Provided records section start

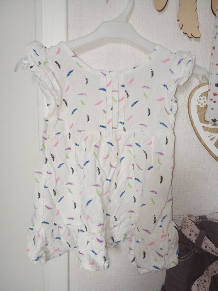Lot composé d'une robe blanche motif plumes multicolores marque chicaprie, un legging blanc motif fleurs multicolores mots d'enfants et un pantalon kimbaloo le tout en 9 mois. Trace d'utilisation car bien portés mais bon état général cependant. De nombreux autres lot vts bébé fille également à vendre ds mon dressing et réduction activée
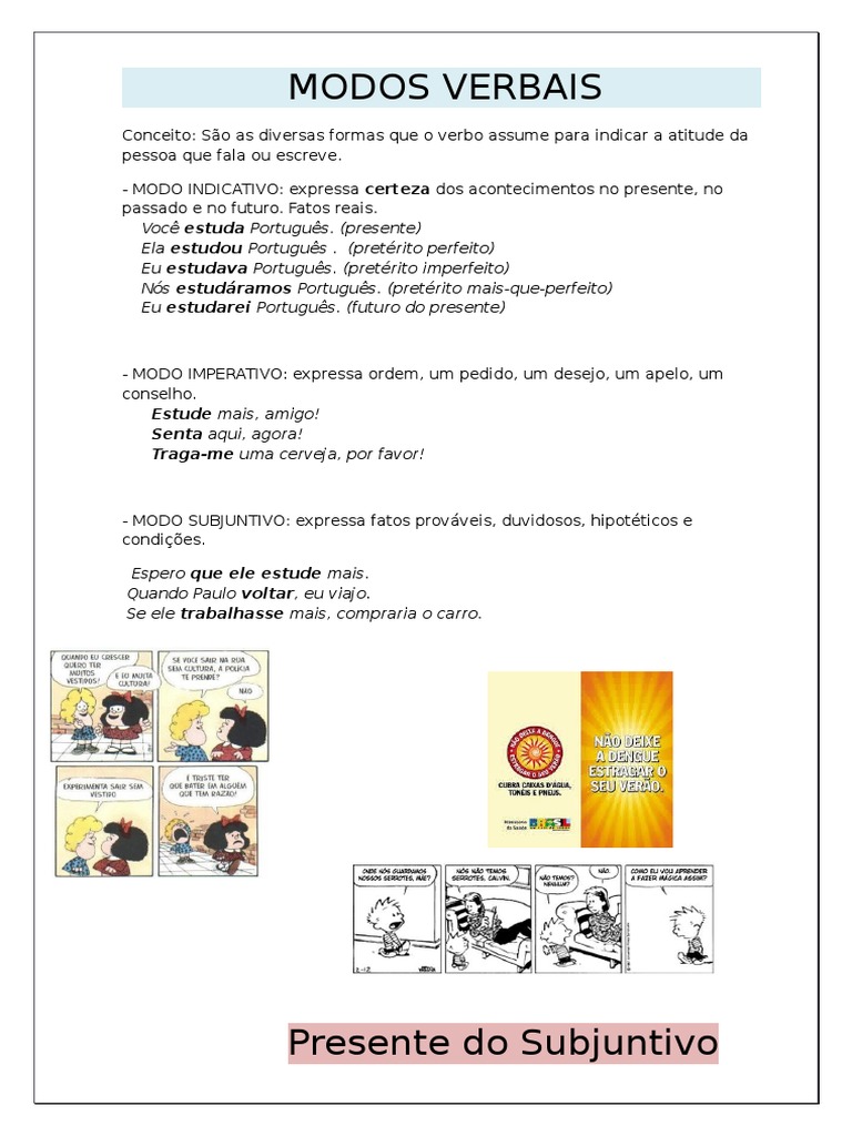 - MODO SUBJUNTIVO: expressa fatos provveis, duvidosos, hipotticos e
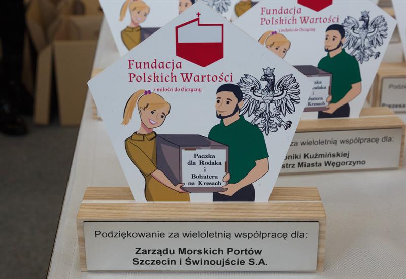 Tuż przed rozpoczęciem pakowania odbyła się miła uroczystość. Z okazji 10-lecia akcji pamiątkowe statuetki wręczono tym, którzy od lat ją wspierają. Otrzymali je wraz z podziękowaniami za pomoc m.in.: Dariusz Śpiewak z Zarządu Morskich Portów Szczecin i Świnoujście, Mariusz Grab – prezes Grupy Azoty Zakładów Chemicznych „Police”, Monika Kuźmińska – burmistrz Węgorzyna, ks. Maciej Szmuc – dyrektor Caritas Archidiecezji Szczecińsko-Kamieńskiej, Edward Osina – prezes Calbudu (w jego imieniu statuetkę odebrał Arkadiusz Litwiński), Dariusz Smoliński – prezes Polskich Terminali, Gheorghe Marian Cristescu – prezes Fundacji „Hotele dla Medyków”, Piotr Nagórski – prezes Banku Żywności im. Jacka Kuronia w Szczecinie, Marcin Posadzy – dyrektor oddziału Totalizatora Sportowego w Szczecinie. W imieniu starosty polickiego Andrzeja Bednarka statuetkę odebrała Agnieszka Rychlik-Bakalarz. Podziękowano również posłowi Zbigniewowi Boguckiemu.
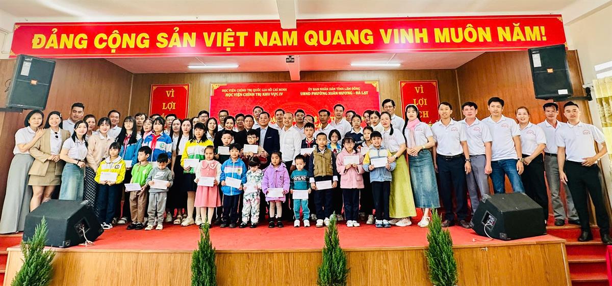Đoàn nghiên cứu thực tế lớp Cao cấp lý luận chính trị K19A2 chụp ảnh lưu niệm cùng báo cáo viên và các em học sinh buổi trao tặng học bổng cho các em học sinh có hoàn cảnh khó khăn trên địa bàn phường Xuân Hương, tỉnh Lâm Đồng
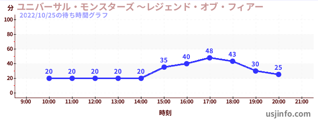 • ユニバーサル・モンスターズ ~レジェンド・オブ・フィアー$B$N(B2022年10月25日の待ち時間
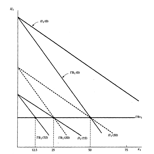 Тепер, прирівнюючи ГВ1 до нуля (граничні витрати фірми) і розв'язуючи рівняння для К1 , ми визначаємо:

Provided records section end

## Task prompt
Please keep the pictures out and reproduce the records above exactly.

## Output for this task
Lot composé d'une robe blanche motif plumes multicolores marque chicaprie, un legging blanc motif fleurs multicolores mots d'enfants et un pantalon kimbaloo le tout en 9 mois. Trace d'utilisation car bien portés mais bon état général cependant. De nombreux autres lot vts bébé fille également à vendre ds mon dressing et réduction activée
 - MODO SUBJUNTIVO: expressa fatos provveis, duvidosos, hipotticos e
 Tuż przed rozpoczęciem pakowania odbyła się miła uroczystość. Z okazji 10-lecia akcji pamiątkowe statuetki wręczono tym, którzy od lat ją wspierają. Otrzymali je wraz z podziękowaniami za pomoc m.in.: Dariusz Śpiewak z Zarządu Morskich Portów Szczecin i Świnoujście, Mariusz Grab – prezes Grupy Azoty Zakładów Chemicznych „Police”, Monika Kuźmińska – burmistrz Węgorzyna, ks. Maciej Szmuc – dyrektor Caritas Archidiecezji Szczecińsko-Kamieńskiej, Edward Osina – prezes Calbudu (w jego imieniu statuetkę odebrał Arkadiusz Litwiński), Dariusz Smoliński – prezes Polskich Terminali, Gheorghe Marian Cristescu – prezes Fundacji „Hotele dla Medyków”, Piotr Nagórski – prezes Banku Żywności im. Jacka Kuronia w Szczecinie, Marcin Posadzy – dyrektor oddziału Totalizatora Sportowego w Szczecinie. W imieniu starosty polickiego Andrzeja Bednarka statuetkę odebrała Agnieszka Rychlik-Bakalarz. Podziękowano również posłowi Zbigniewowi Boguckiemu.
Đoàn nghiên cứu thực tế lớp Cao cấp lý luận chính trị K19A2 chụp ảnh lưu niệm cùng báo cáo viên và các em học sinh buổi trao tặng học bổng cho các em học sinh có hoàn cảnh khó khăn trên địa bàn phường Xuân Hương, tỉnh Lâm Đồng
 • ユニバーサル・モンスターズ ~レジェンド・オブ・フィアー$B$N(B2022年10月25日の待ち時間
 Тепер, прирівнюючи ГВ1 до нуля (граничні витрати фірми) і розв'язуючи рівняння для К1 , ми визначаємо:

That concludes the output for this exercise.